Today we were going to go for a hike that everyone compares to Lord of the Rings. We drove forever up a logging road. And drove. And drove. And drove. We never did find the right place. So we turned around and came back and my husband got a coffee and I went to a second hand book store. Later we went out for Indian food and oh, beautiful life! It was so good and I don’t think I will have to eat again ever again because I am sufficiently sophonsified.

I feel sad today. The chaos that my stepdaughter has brought into our life has been so upsetting. There is no way that this is going to turn out okay no matter what happens. And you are all going to think I am selfish and awful because I think that myself but I don’t have it in me to raise a 4 year old. I hate myself for feeling that way. It isn’t just taking on a child but having to parent until I’m 60. It feels like I am just getting my life back now. I am so tired now. How will I have the energy to deal with a kindergartener and PTA and piano lessons and swimming lessons and homework and sleepovers and school lunches and head lice and dentist appointments and overdue library books and all the things I did so well in my 20’s and 30’s?

I’m tired. So tired.

That’s all. My husband is going to watch a documentary on The Rolling Stones.

11 thoughts on “

  1. Well I just read and got all caught up from Sept 10 forward. What a lovely trip and I LOVE book stores too!! We have an old one in our town…that sounds similar to your’s. I am so sorry about the step daughters troubles. I hope that that can all get worked out. You would most definitely be a wonderful g-ma to her daughter if she would let you….she doesn’t know what she is missing! Your son sounds really good….I am so happy about that. And your daughter’s text….so sweet. when they seek us out because they want to, not because they need something or have to or feel obligated…..is truly such a precious gift.

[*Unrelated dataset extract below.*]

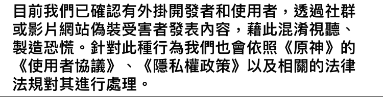 https://hoyo.link/80GCFBAL?q=21ICQzp3tsR 親愛的旅行者: 近期,開發團隊發現有個別旅行者使用外掛,竄改遊戲資料惡意破壞其他旅行者的遊戲體驗。具體情況:在多人遊戲模式下,使用外掛消除其他旅行者大世界中的物件,導致其他旅行者無法正常遊玩。 此問題已於8月25日修復,開發團隊亦於8月26日為遇到此問題且有聯絡客服的旅行者修復遊戲帳號,並透過客服告知旅行者修復狀態。在問題修復後,我們也在持續注意此問題。現在,多人遊戲模式的體驗正常,旅行者可以正常進行多人遊戲。 *目前,有極少數帳號可能還有少量物件尚未恢復的情況,此情況不會影響旅行者的正常遊戲體驗。開發團隊將會在後續版本將之徹底恢復,屆時會透過信件告知受影響的旅行者。 若旅行者在近期遇到類似問題,可以透過客服向我們回報,並附上物件的具體位置。一旦確認為類似外掛導致的問題,客服會盡快與旅行者聯絡。 此外,旅行者如果有遇到其他問題,或是發現任何使用外掛、第三方工具的違規行為,也可以聯絡官方客服(回報違規行為時,請附上違規者的UID、檢舉原因等相關資訊),將有助於開發團隊更好地定位並修復問題。 此類使用外掛,竄改資料消除其他旅行者大世界中物件的行為,已嚴重影響旅行者的遊玩體驗。為維護遊戲公平,並保障各位旅行者的權益,開發團隊已將使用此類外掛的帳號封鎖,並將向此類外掛的製作者、使用者,以及傳播者追究法律責任。 目前我們已確認有外掛開發者和使用者,透過社群或影片網站偽裝受害者發表內容,藉此混淆視聽、製造恐慌。針對此種行為我們也會依照《原神》的《使用者協議》、《隱私權政策》以及相關的法律法規對其進行處理。 感謝大家一路以來對《原神》的陪伴與支持,我們一直致力於維護公平、健康的遊戲環境,並嚴禁任何透過不正當方式危害遊戲公平的行為。同時,開發團隊在此聲明:遊戲的任何漏洞,與遊戲內的玩法設計、劇情、人物均無關係,請勿透過無端想像破壞其他旅行者的體驗。希望各位旅行者可以一同抵制外掛、第三方工具等不良行為,維護公平友好的遊戲環境。 -- Cubum autem in duos cubos, aut quadratoquadratum in duos quadratoquadratos, et generaliter nullam in infinitum ultra quadratum potestatem in duos eiusdem nominis fas est dividere cuius rei demonstrationem mirabilem sane detexi. Hanc marginis exiguitas non caperet. -- ※ 發信站: 批踢踢實業坊(pttbestweb.org.tw), 來自: 114.137.124.139 (臺灣) ※ 文章網址: https://pttbestweb.org.tw/miHoYo/M.1693219184.A.28F

  2. I am glad that you are away. Even gladder that you are sufficiently sophonsified.
    I really, really hope you aren’t be called on to take on the care of a 4 year old. It is a huge ask. Sometimes I think that parenting is a job for super heroes. Young super heroes.
    Heartfelt hugs and oceans of caring.

  3. Oh Birdie!! My wonderful father-in-law used to use that phrase, sufficiently sophonsified. I think I need to back up and read your previous post so I get a full understanding of what’s going on (or not going to go on) in your life. The prospect of raising a young child again would be daunting to say the least! -Jenn

  4. Oh boy, we try so hard to shape our lives, enjoy the consequences of our hard work and then family step in and take over our ship. What ever happens, I am sure it will be best, but I bet you and this little 4-year-old would be fantastic for each other.

  5. Oh honey. No. This is not your job.
    Easy for me to say, right?
    I’m so sorry that this is an issue because I know you are so torn about it but honestly- it is not your responsibility.
    I love the word “sophonsified.” It’s perfect!
    And that inn looks pretty perfect too.

  6. I was just in Powell River last month. We went to Palm Beach, what a beautiful beach.

    I’m sorry about your stepdaughter. It is horrible stressful and I hate to see children suffer. It breaks my heart.

  7. So many of my friends are raising their grandchildren. I do not see how they do it. Thankfully that has not happened in my family…so far. Glad you are having a nice tripl

  8. Why is it that kids come back into our lives just at the wrong time. The only thing you can do is accept it for what it is and live your life. Who knows, your step-grandaughter could be something good in your life.

  9. If you and your husband do end up having to take custody of your step-daughter’s child, your husband can be the main caregiver and parent. He’s retired now, I believe, so he’s got the time. Plus I think you said in the past that he raised his own kids as the main parent. There’s no need for all this to fall on you, or even mainly on you. Nor should it, quite frankly. Your husband should step up. Goodness, I’m opinionated today, aren’t I?

  10. It sounds terribly stressful in your family. What a terrible position to be in. You are not obligated to raise this child. This is something that you and your husband should discuss carefully. I agree with what Debra said above. If you do decide to take on this responsibility, it shouldn’t have to fall on you.